La Commission européenne avait sommé l’entreprise américaine de rembourser ces avantages fiscaux jugés indus. Elle essuie ainsi un énorme revers dans sa bataille face aux GAFA.
C’est une manche décisive remportée par Apple, et un revers majeur pour la Commission européenne. La justice européenne a annulé, mardi 15 juillet, la décision de la Commission, qui avait sommé Apple, à l’été 2016, de rembourser à l’Irlande 13 milliards d’euros d’avantages fiscaux jugés indus. La Commission n’est pas parvenue à démontrer « l’existence d’un avantage économique sélectif », selon les juges européens.
Cet arrêt, très attendu, intervient la veille d’une autre décision dans un dossier tout aussi sensible, qui concerne cette fois Facebook et les transferts de données personnelles de l’Europe vers le reste du monde.
Apple et l’Irlande se sont tous deux « félicités » de la décision des juges européens. « Nous saluons le jugement de la Cour européenne », a souligné le ministère irlandais des finances, affirmant qu’il « n’y a jamais eu de traitement spécial » pour Apple.
Dans le cas d’Apple, l’affaire remonte au 30 août 2016 : la commissaire européenne à la concurrence, Margrethe Vestager, aujourd’hui vice-présidente de la Commission européenne, décide de frapper un grand coup contre la marque à la pomme.
Selon l’enquête de la Commission, Apple a rapatrié en Irlande entre 2003 et 2014 l’ensemble des revenus engrangés en Europe (ainsi qu’en Afrique, au Moyen-Orient et en Inde) car l’entreprise y bénéficiait d’un traitement fiscal favorable, grâce à un accord passé avec les autorités de Dublin.
Le groupe a ainsi échappé à la quasi-totalité des impôts dont il aurait dû s’acquitter sur cette période, soit environ 13 milliards d’euros, selon les calculs de la Commission. Un avantage qui constitue pour Bruxelles une « aide d’Etat » illégale, puisqu’elle se fait aux dépens d’autres entreprises soumises à des conditions moins favorables.
Pour Dublin, néanmoins, il n’y avait rien d’illégal. Connue pour ses positions « pro-business », l’Irlande a attiré sur l’île de nombreuses multinationales, pourvoyeuses d’emplois, grâce à une fiscalité avantageuse. C’est d’ailleurs pour cette raison que l’Irlande, comme Apple, avait fait appel de la décision de la Commission. « La Commission a outrepassé ses pouvoirs et violé la souveraineté » irlandaise concernant l’impôt sur les sociétés, avait affirmé Dublin. Quant au patron d’Apple, Tim Cook, il avait qualifié l’affaire de « foutaise politique ».

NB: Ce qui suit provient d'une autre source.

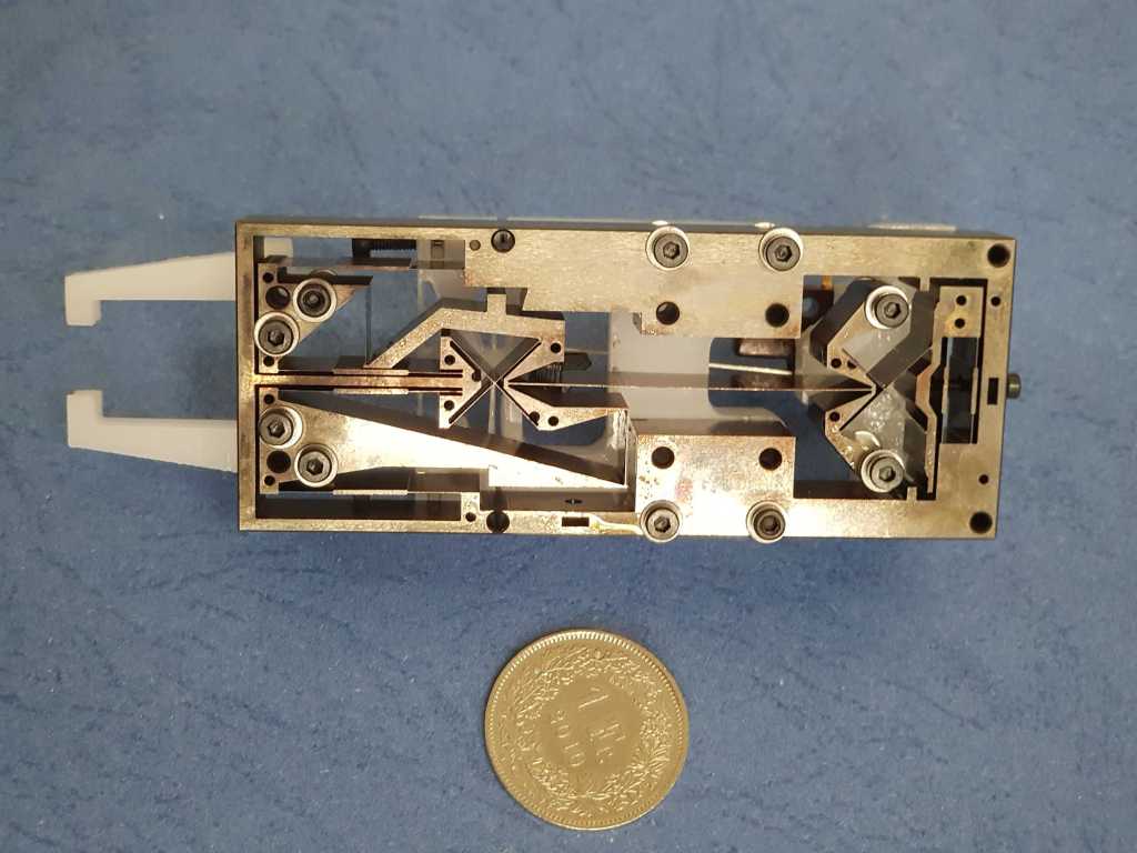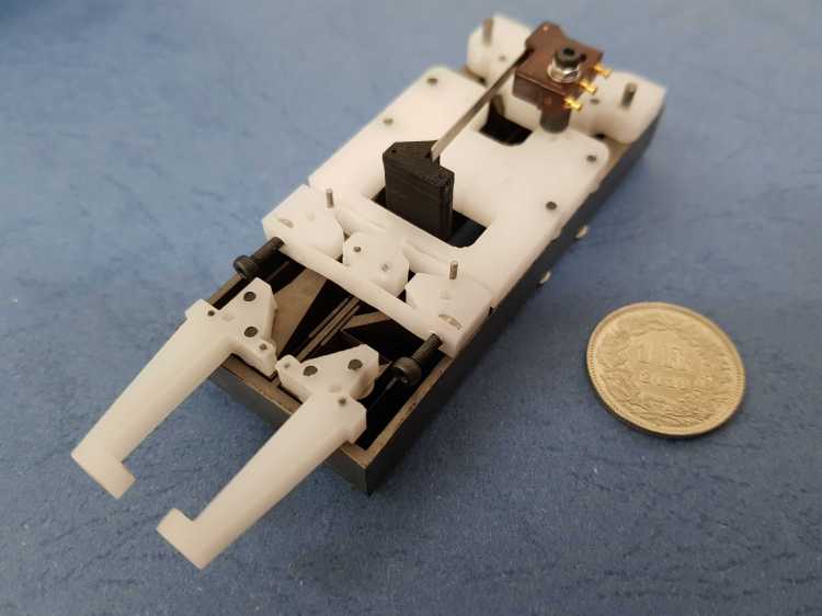 By using shape memory alloys the gripper has been miniaturised and fits into a foot print of 110x34x26 mm.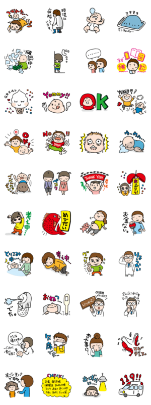 育児に関わるスタンプです。赤ちゃんのお世話をしたメモや、普段子供に接していない大人への遠隔地からの指示、お医者さんからよく聞かれる質問などを揃えました。

L’arrêt de mercredi est susceptible d’appel. « Je pense que ce sera une étape intermédiaire, importante certes, mais certainement pas la fin de l’histoire », estimait peu avant M. Lamadrid, un avocat spécialisé dans les affaires de concurrence du cabinet Garrigues à Bruxelles.
Généralement, lorsque les affaires font l’objet d’un pourvoi devant la Cour, la décision définitive intervient environ seize mois plus tard. Donc, dans le cas d’Apple, cette décision serait rendue au cours de l’année 2021.
Dans deux affaires similaires, les juges européens avaient donné en septembre 2019 un premier aperçu de leur analyse. Ils avaient réfuté les arguments de la Commission européenne concernant la chaîne américaine de cafés Starbucks, sommée de rembourser jusqu’à 30 millions d’euros d’arriérés d’impôts aux Pays-Bas. En revanche, dans le cas de Fiat, ils avaient donné raison à Bruxelles, qui exigeait du groupe italien le versement au Luxembourg d’une somme identique pour avantages fiscaux indus.
Cette affaire survient dans un contexte bien particulier, où plusieurs pays européens, dont la France, veulent parvenir à une meilleure imposition des géants du numérique, partout où ils réalisent des profits.
Cependant, dans une UE à vingt-sept, où toutes les questions fiscales se décident à l’unanimité, il n’est guère facile de s’entendre. « Outre l’Irlande, les Pays-Bas, Chypre, Malte et le Luxembourg mènent également des politiques fiscales favorables aux multinationales », observe Tove Ryding de l’ONG internationale Eurodad. « Avoir un système fiscal plein de failles et les combler ensuite en utilisant les règles sur les aides d’État n’est pas du tout efficace », ajoute l’experte.